The vice-president will follow CDC guidelines and the advice of her physicians and will return to the White House when she tests negative, it added.

World Health Organization Director-General Tedros Adhanom Ghebreyesus attends a press conference at the WHO headquarters in Geneva on Dec 20, 2021.
(FABRICE COFFRINI / AFP)

WHO

The head of the World Health Organization on Tuesday urged countries to maintain surveillance of coronavirus infections, saying the world was "blind" to how the virus is spreading because of falling testing rates.

"As many countries reduce testing, WHO is receiving less and less information about transmission and sequencing," Director-General Tedros Adhanom Ghebreyesus told a news conference at the UN agency's headquarters in Geneva.

"This makes us increasingly blind to patterns of transmission and evolution."

"When it comes to a deadly virus, ignorance is not bliss.

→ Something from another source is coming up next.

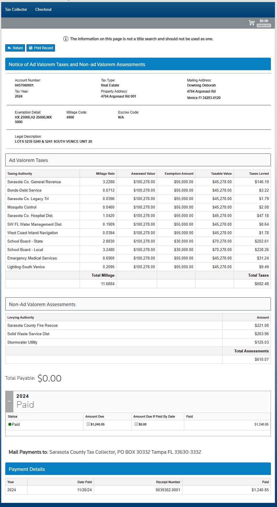 LOTS 5239 5240 & 5241 SOUTH VENICE UNIT 20Tax Year:
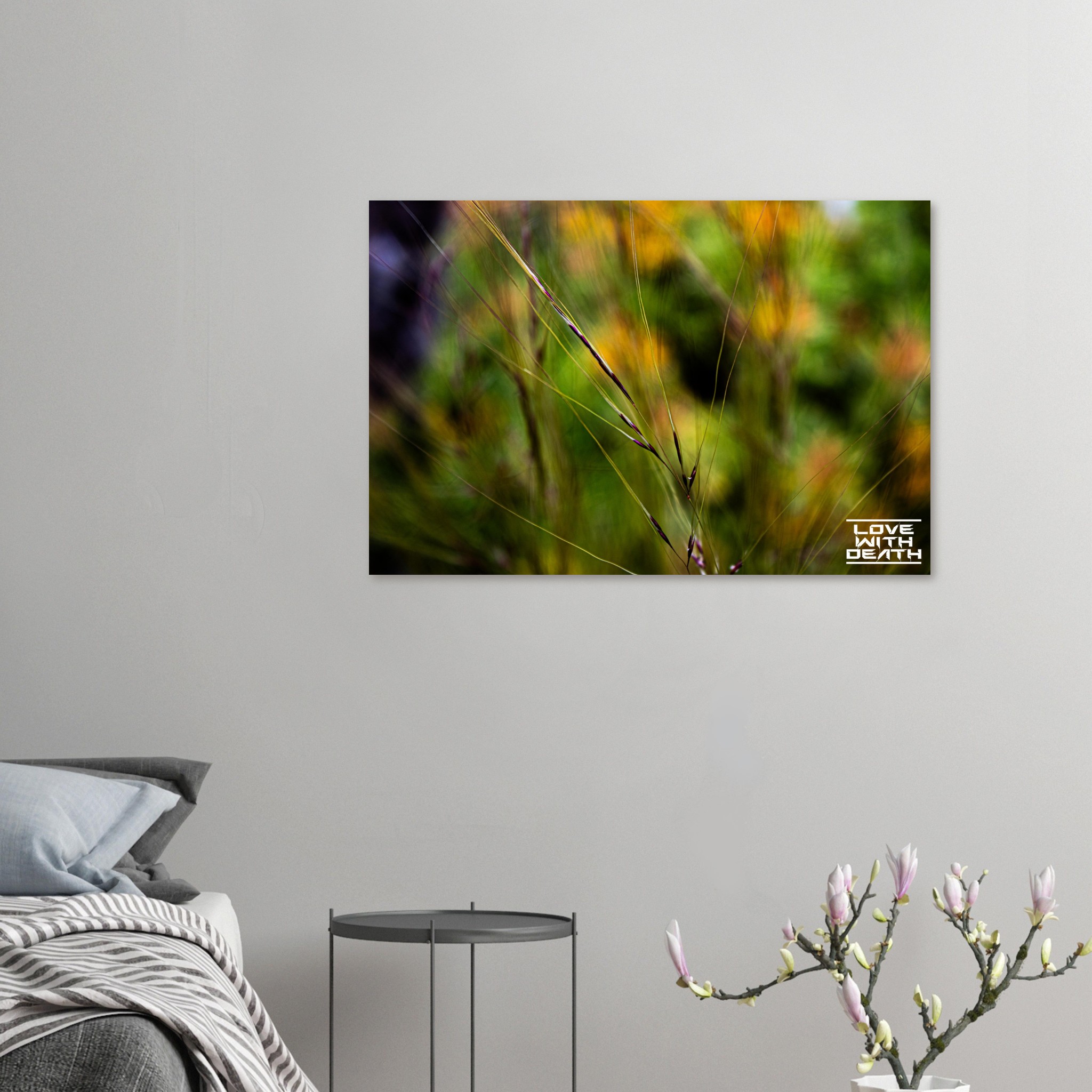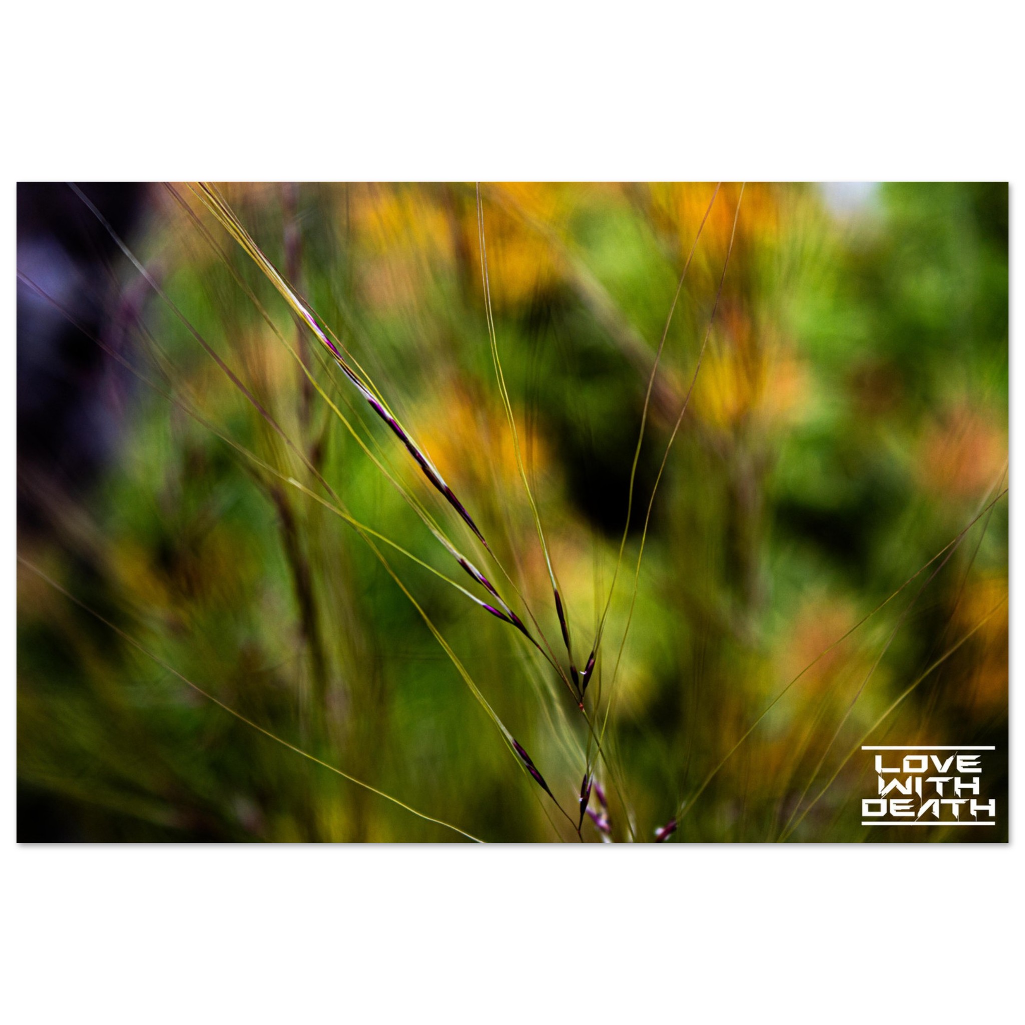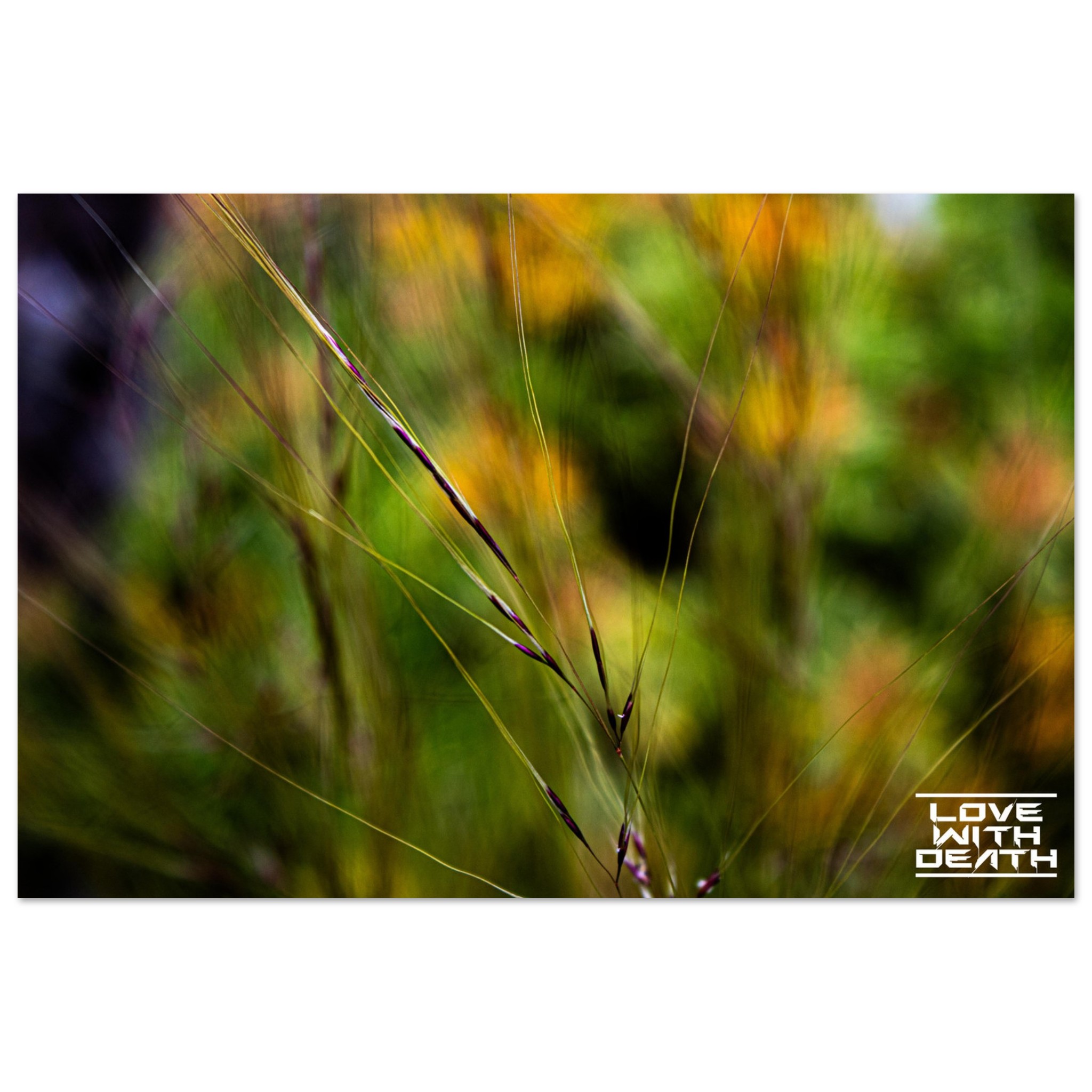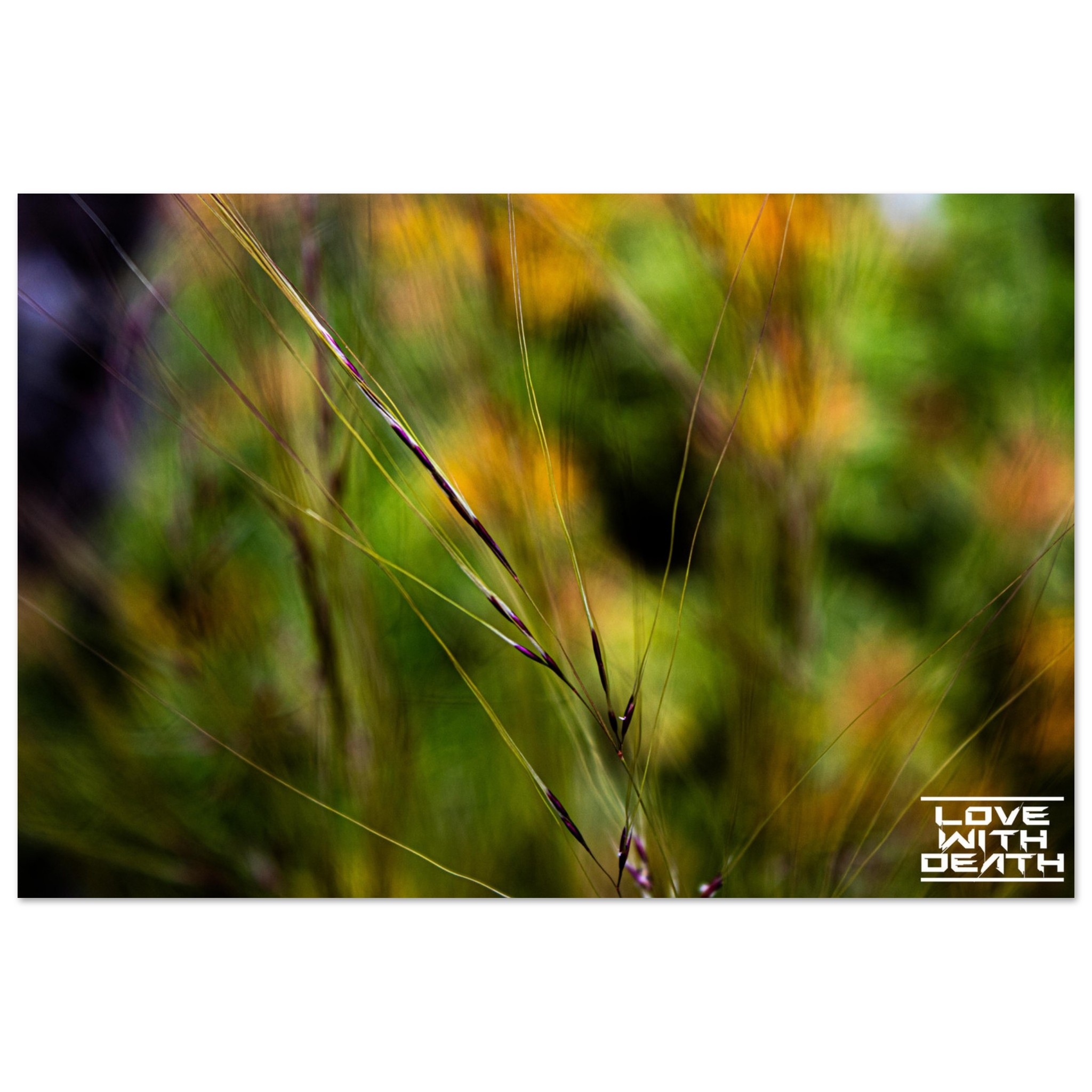 A captivating image of delicate grass blades swaying gracefully in the wind. The warm color palette of the blurred background in yellow and green tones evokes an autumnal ambiance, highlighting the gentle motion of the blades.

The WHO continues to call on all countries to maintain surveillance," he said.

Bill Rodriguez, chief executive of FIND, a global aid group working with WHO on expanding access to testing, said "testing rates have plummeted by 70 to 90 percent."

"We have an unprecedented ability to know what is happening. And yet today, because testing has been the first casualty of a global decision to let down our guard, we are becoming blind to what is happening with this virus," he said.

Responding to the European Union's recent decision to enter a new post-emergency phase of the COVID-19 pandemic, Mike Ryan, executive director of the WHO Health Emergencies Program, cautioned that this is not the time to lose focus on the virus nor on its potential to continue to evolve.

"The fact is that we're not out of this yet," he said.

Maria van Kerkhove, technical lead for the WHO's Health Emergencies Program, said that despite the recent positive trends, she had "little confidence in the number of cases being reported around the world" due to the massive changes in testing strategies and the huge reductions in the number of tests being performed around the world.

"On the positive side, we do see a change. We are in a different phase of this pandemic, certainly, but we are still very much in the middle of this pandemic, and this is still a global problem," she said.

"Now is not the time to retreat. Now is the time to really strengthen what we have put in place and ensure that we keep people alive, and we get our economies back on track and we save people's livelihoods," she noted.